Anthos Config Management (ACM) brings the power of GitOps to your GKE clusters.

Instead of needing to manually keep deployments current on a cluster or group of clusters, you can push changes to a git repository and the Config Sync component will periodically poll and attempt to reach the new state described by your git commit.

This allows you to administer a cluster from a central location, saving time and guaranteeing consistency.  Additionally, you get the benefits of GitOps such as code review, audit, and rollback.

Prerequisites

To complete this article you need a standard GKE cluster, valid KUBECONFIG environment variable, and the gsutil and kubectl binary installed.

Then download the nomos utility, which is used to check the status of Config Sync.

# make sure auth is done via gcloud
gcloud auth login

# download nomos binary
gsutil cp gs://config-management-release/released/latest/linux_amd64/nomos nomos

# move to common location
sudo mv nomos /usr/local/bin/.
sudo chmod +x /usr/local/bin/nomos

# validate
nomos version

Prepare cluster

In order to participate in ACM, you need to register the cluster and enable workload identity which is the recommended method of authentication for the Config Sync component.

Setup variables

# check your current permissions, must respond 'yes'
kubectl auth can-i '*' '*' --all-namespaces

# get cluster list and region
gcloud container clusters list

# set variables
project_id=$(gcloud config get-value project)
cluster_name="<thecluster>"
cluster_location="<theregion>"
# set either 'region' or 'zone'
location_flag="--region <theregion>"

# get nodepool list
gcloud container node-pools list --cluster $cluster_name $location_flag

# set variable
nodepool_name="<nodepool_name>"

Enable relevant Google API

# enable API services
gcloud services enable anthos.googleapis.com container.googleapis.com gkeconnect.googleapis.com gkehub.googleapis.com cloudresourcemanager.googleapis.com iam.googleapis.com krmapihosting.googleapis.com

# enable config management feature
gcloud beta container hub config-management enable

Enable workload identity

You cannot register the GKE cluster if workload identity is not enabled on the cluster.
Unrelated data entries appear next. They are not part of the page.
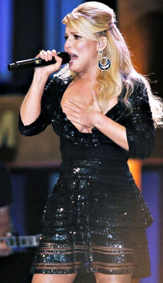 После того, как весной этого года жених Джессики - футболист «Dallas Cowboys» Тони Ромо объявил об их разрыве, певица выходит в свет исключительно в компании друзей. В последнее время блондинку все чаще видят в обществе ее парикмахера-стилиста. В надежде удержаться «на плаву» хотя бы в карьере Симпсон решила прибегнуть к испытанному методу - брать публику натурой. На одном из последних выступлений певица всячески привлекала внимание зрителей к своим огромным силиконовым имплантатам: то лапкой грудь погладит, то микрофон засунет в вырез декольте, а то и напрямую пальчиком укажет - вот же она, роскошная грудь. Любуйтесь!
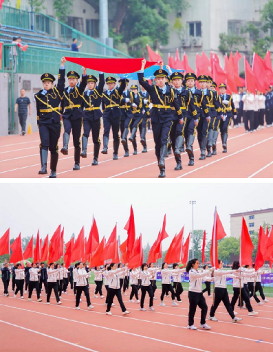 伴随着激昂的运动员进行曲,国旗护卫队擎着国旗、校旗,基础教育集团附属中学组成的红旗队率先入场。他们目光坚毅、步伐有力、气势如虹,为运动员入场式拉开了序幕。
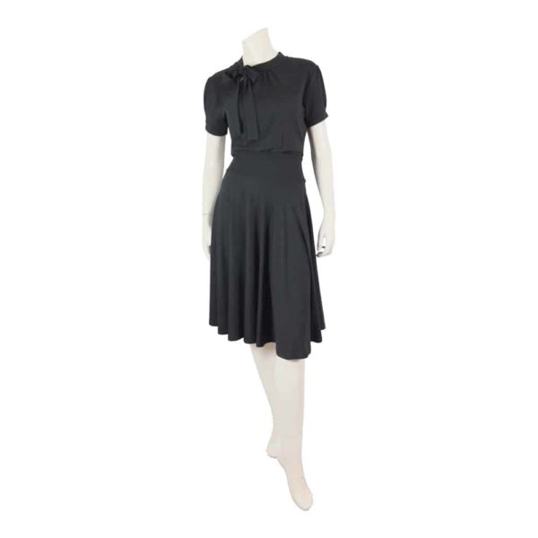 Deze zwierige charmante jurk in de stijlvol zwart, heeft een korte pofmouw, een druppelvormig splitje bij de hals en een breder striklint bij de hals. Het rokdeel bestaat uit een hele cirkelrok en draait prachtig om je heen. Mooi detail: zwarte tricot ceintuurtje in de taille.
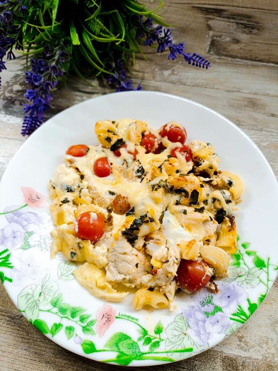 На горячую сковороду с маслом: помидорки, курочку или бекончик/колбаску (кому что нравится) 🥓 Прижариваем, добавляем щепотку любимых специй (у меня сегодня базилик 🌿). Туда же готовые макарошки, заливаем омлетной болтушкой и щедро посыпаем сыром! 🧀
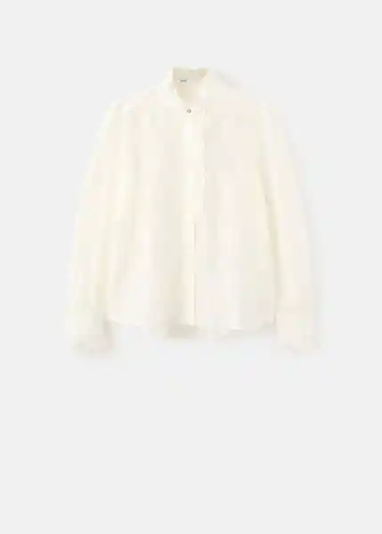 Cierre Delantero Con Botones Cuello de Tira Detalle Bordado Flor Diseño Recto Manga Larga Con Puños Abotonados Tejido Mezcla Lyocell - 27085824_05.
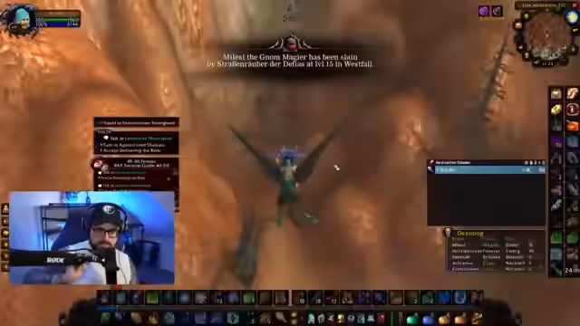 03:48:53Die Gameplay-Session findet in den Hinterlands von WoW statt, wobei der Streamer Wilderkin-Federn sammelt. Er erwähnt die große Anzahl von Entbannungsanträgen und kündigt ein bevorstehendes Giveaway für Follows an. Der Streamer arbeitet sich durch eine gefährliche Quest vor, bei der er vorsichtig Elite-Gegner umgehen muss, und zeigt sich von seinem eigenen Geschick beeindruckt.
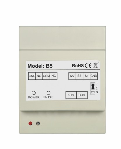 B5 to specjalny moduł przeznaczony do pracy w systemie VIDOS DUO. Posiada funkcję rozszerzenia funkcjonalność systemu o możliwość obsługi drugiego rygla/bramy lub sterowanie oświetleniem. Moduł umożliwia również obsługę rygli wysokoprądowych oraz otwieranie wejścia przy użyciu dodatkowego przycisku zwiernego NO przy wyjściu z posesji.
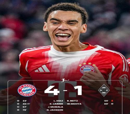 最終,拜仁4-1輕松取勝,不僅完成對門興的賽季雙殺,還豪取各項賽事6連勝。在積分榜上,南大王的領(lǐng)先優(yōu)勢已經(jīng)擴大到14分,德甲冠軍幾乎沒有懸念。

# needs to return <projectId>.svc.id.goog
gcloud container clusters describe $cluster_name --format="value(workloadIdentityConfig.workloadPool)" $location_flag

# IF workload identity is empty, then enable
# operation takes ~5-20 minutes
gcloud container clusters update $cluster_name $location_flag --workload-pool=${project_id}.svc.id.goog

# IF workload identity was empty, nodepool also needs update
# this does rolling rebuild of each node
# takes ~5min per node depending on max-surge and max-unavailable
gcloud container node-pools update $nodepool_name --cluster=$cluster_name $location_flag --workload-metadata=GKE_METADATA

Register cluster

With workload identity enabled, you can now register the cluster.

# list of clusters already registered
gcloud container hub memberships list

# register cluster
KUBECONFIG=/tmp/kubeconfig-membership gcloud container hub memberships register $cluster_name --gke-cluster=$cluster_location/$cluster_name --enable-workload-identity

Egress for private GKE clusters

If you are on a private GKE cluster, then you need to either enable Cloud NAT to enable egress or enable Private Google Access as described in the official documentation.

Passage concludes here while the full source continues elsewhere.